Thursday, March 9, 2017

We Need Diverse Books | 10+ Amazing Books to Add to Your Library

Finding good quality books which feature diverse characters has never been easy.  Where can you go to find them? Right here. 

When I was growing up I remember one of my Indian friends excitedly showing me this page in the Paddington Bear book.  We were so excited for this little scrap. This little morsel.  

  The back of a woman, whose face was completely invisible, but dressed in a sari was most probably Indian too!  These were the crumbs we lived on.  

I had a vague memory of this encounter and always scanned the pages of Paddington Bear whenever I came across a copy of the book.  But the Sari Woman was gone.  Could she have been erased from the pages?  I grew so upset that I could never bring myself to buy a copy of this iconic book for our kid's library at home.
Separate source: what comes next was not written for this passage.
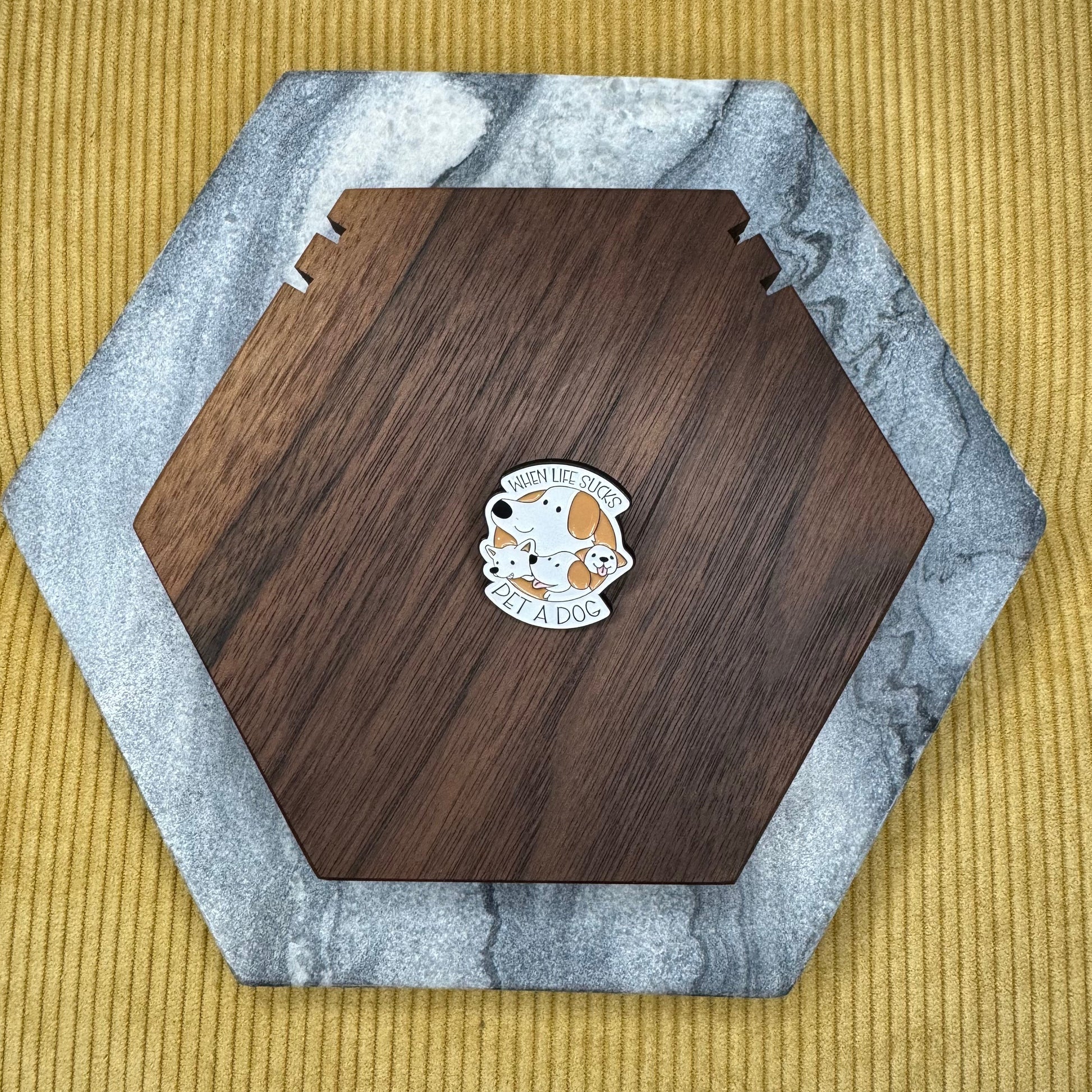 Metal pin, rubber backing.

Only last week at a trip to the book store with Lakshman did I discover my error.  The Sari Woman did indeed still exist.  But she lives in the sequel, not the first book in the series. Imagine my joy at having this dim kernel of memory verified as fact.  

 A few days later we went back to the book store.  A little bit of hunting revealed a whole stack of amazing, heart-warmingly diverse books for the kids. 

The book Nandini is holding, The Grand Plan to Fix Everything, has been truly amazing so far.  It is chapter book, so we read to her a few each night.  It is amazing how well written this book is.  Krishnaswami writes with the voice of a young girl in a way that is so open and authentic, it makes me feel like I am back at home in my parent's house painting my toenails with my friends and talking about the X-files (if being a nerd is wrong, I don't want to be right). Yet the story touches on the feeling of push-pull between India and America. And how open minded people can pronounce names that look long at first glance. These are added in deftly to a story that could be any other YA book plot line about school and friends and parents.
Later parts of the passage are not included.